- _Activity_:
Whenever a line of the data below holds the string "кахлів", copy that line.

- _Provided data_:

──────────

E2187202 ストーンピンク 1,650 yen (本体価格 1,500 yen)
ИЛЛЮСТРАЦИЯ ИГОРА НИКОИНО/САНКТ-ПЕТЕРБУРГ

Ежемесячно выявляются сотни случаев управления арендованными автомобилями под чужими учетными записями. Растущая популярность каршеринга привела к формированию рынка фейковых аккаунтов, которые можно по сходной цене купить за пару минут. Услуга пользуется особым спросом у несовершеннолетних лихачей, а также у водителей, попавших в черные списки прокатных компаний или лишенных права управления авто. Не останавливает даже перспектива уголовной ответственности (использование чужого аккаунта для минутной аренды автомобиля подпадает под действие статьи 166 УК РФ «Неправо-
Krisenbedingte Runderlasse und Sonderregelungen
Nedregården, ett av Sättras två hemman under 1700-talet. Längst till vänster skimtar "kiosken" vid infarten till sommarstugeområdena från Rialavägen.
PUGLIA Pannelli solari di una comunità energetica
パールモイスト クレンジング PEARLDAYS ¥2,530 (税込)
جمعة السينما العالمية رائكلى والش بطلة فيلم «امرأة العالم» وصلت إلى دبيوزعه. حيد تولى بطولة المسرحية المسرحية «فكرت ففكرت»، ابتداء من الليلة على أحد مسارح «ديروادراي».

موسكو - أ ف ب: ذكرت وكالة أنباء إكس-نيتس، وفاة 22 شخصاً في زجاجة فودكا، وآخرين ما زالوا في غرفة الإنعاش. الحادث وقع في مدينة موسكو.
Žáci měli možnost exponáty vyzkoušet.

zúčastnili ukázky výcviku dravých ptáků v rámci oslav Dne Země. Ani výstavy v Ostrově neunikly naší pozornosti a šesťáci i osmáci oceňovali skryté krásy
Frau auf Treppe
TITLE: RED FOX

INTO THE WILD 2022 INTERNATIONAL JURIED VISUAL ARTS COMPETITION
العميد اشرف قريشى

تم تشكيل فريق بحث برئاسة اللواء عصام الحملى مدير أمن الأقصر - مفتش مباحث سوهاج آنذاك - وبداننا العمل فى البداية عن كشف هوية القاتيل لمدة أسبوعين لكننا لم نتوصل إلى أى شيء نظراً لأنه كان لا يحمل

──────────

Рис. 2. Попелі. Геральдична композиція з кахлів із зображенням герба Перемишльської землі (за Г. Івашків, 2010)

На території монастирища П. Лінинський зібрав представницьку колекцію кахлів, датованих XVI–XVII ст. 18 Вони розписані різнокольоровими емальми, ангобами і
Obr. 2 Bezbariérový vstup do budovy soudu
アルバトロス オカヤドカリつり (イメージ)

──────────

- _Exercise output_:
Рис. 2. Попелі. Геральдична композиція з кахлів із зображенням герба Перемишльської землі (за Г. Івашків, 2010)
На території монастирища П. Лінинський зібрав представницьку колекцію кахлів, датованих XVI–XVII ст. 18 Вони розписані різнокольоровими емальми, ангобами і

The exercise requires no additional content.